Is it any wonder I feel such deep unease in my own country?
Well said, Barbara
Barbara good blog.
Response was atrocious and probably more hurtful to these poor souls and their children/families than loss of any money.
It would have been a public statement of value to them, a boost many cases of fragile self esteem, for a full, fair apology to be given.
You're kinder than me in your view of the report – I regard it as a complete whitewash.
From the reading of Point 14 in the first part of the report, my stomach lurched with knowingness of what was to come.
You've mentioned the profit from the laundries,
and agree your logic. Would love to see an audit of the records in light of some of the human testimony that seems to have been kicked into touch.
For me another dimension of the 'math' was more
concerning, the report parameters cover 74 years, in 10 locations, which had a capacity for 1200 women. The report only accepts there were 10,000 women.
That averages 135 incarcerated women a year, or 13/14 per unit per year.
Photographs show many more than that and what on earth would nuns be doing with 1200 capacity yet using little over 10% of it ?
Would like a forensic audit of the work records per location, correlated with numbers there to do it, within the overall figures proposed by the report. I doubt they'd stack.
Also felt the report took human suffering and negated it into percentages which adds to the inhumanity.
There is independent testimony which supports higher figures and with a business head on, this report in it's contradictions, may prove those more accurate than the report itself!!!
A mass grave had 155 bodies, 20 unregistered, one of those headless ?
The testimony of the women differs in other reports which are recognised as truthful accounts, so all in all, my take on the numbers is it's a complete WHITEWASH.
We have several common mentalities in this country that I find appalling. Among them is the idea that we all have to “get what we're entitled to” before someone else does. My wife, a wheelchair-user, has faced this. She works and doesn't claim disability benefit. The only benefits she claims are in relation to her car, which given the hilly landscape of our town and the lack of reliable wheelchair access on public transport is a necessity.
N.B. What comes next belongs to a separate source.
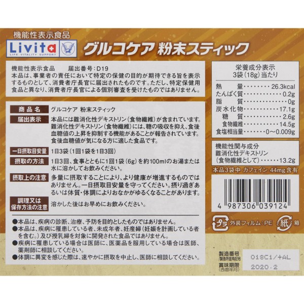 Livita 글루코케어 분말스틱 30봉 다이쇼제약 > 기능성

But the same people who say that are the ones judging, as you say, young single mothers, assuming they'll be living off the state until they're married.
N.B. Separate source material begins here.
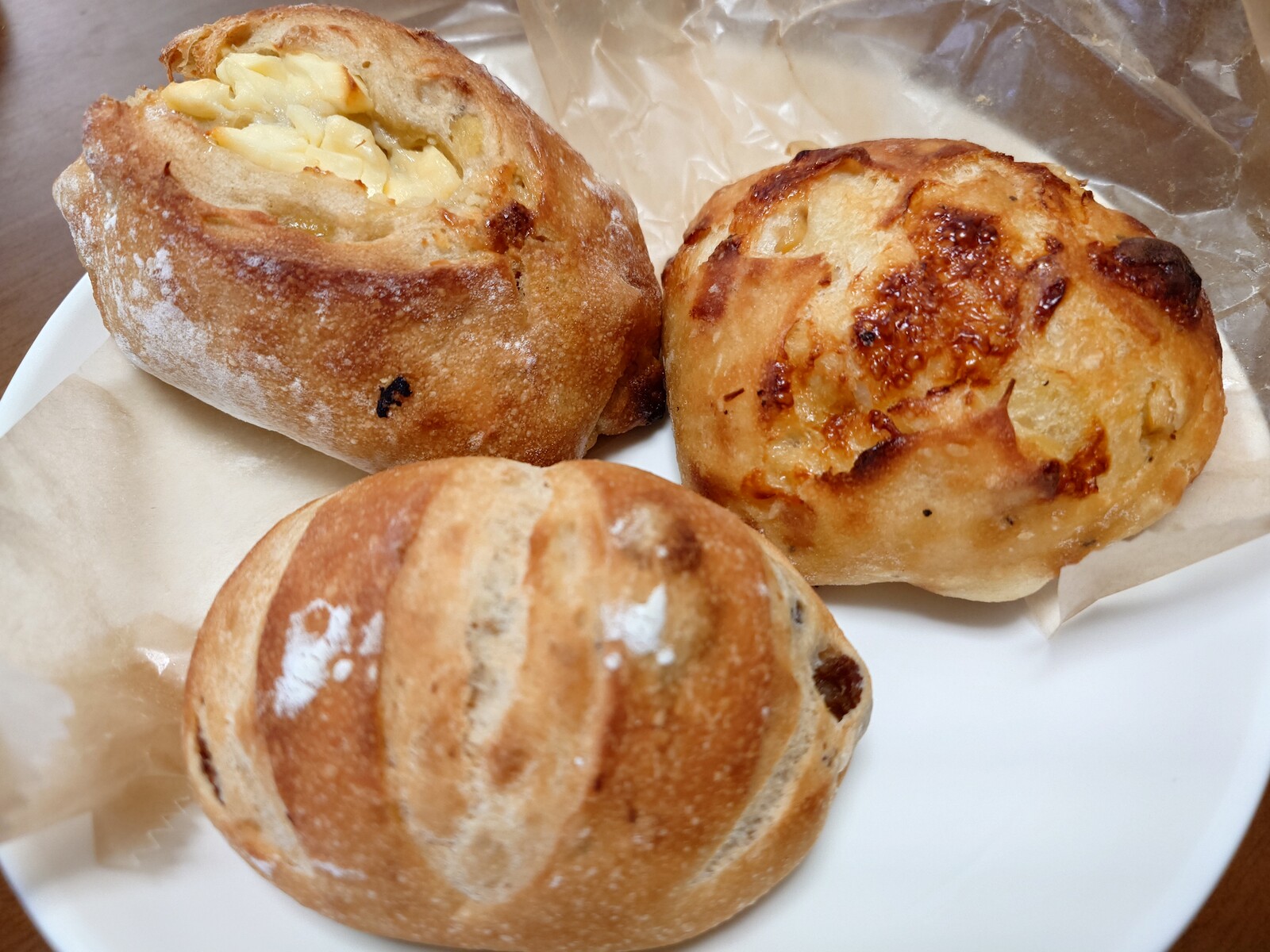 。この日購入したのは、『りんごとホワイトチョコのバゲット』『たけのこのリュスティック』『レーズンロール』といったラインナップ。

There's a strong undercurrent of lad mentality among Irish people. Our politicians got by for years on doing favours for each other. Old men in suits shaking hands behind closed doors. Never expecting that one day we would ask them to step outside so we could see what was going on. Our leaders talk about us being a progressive country, but even twenty years ago we were clutching on to gender-based prejudices that had been the core of rights movements in the 60s and 70s in the UK and America.
At what point did we forget to stop hating women?
The Magdalene Laundries, and similar institutions, were nothing but modern-day slave-owners. No-one has a right to deny an apology (at the very least) for that, least of all on the grounds of “it'll cost too much,” “they never turned a profit” and “at least they weren't raped.”
This report only interviewed 100 women I heard on the radio. I believe the women who are not represented & whom were abused, women whose children were taken from them. What a shameful country we are & how low not to issue an apology for fear of giving money away.
The whole thing sickens me. There's no way that profit wasn't made on the backs of these poor souls.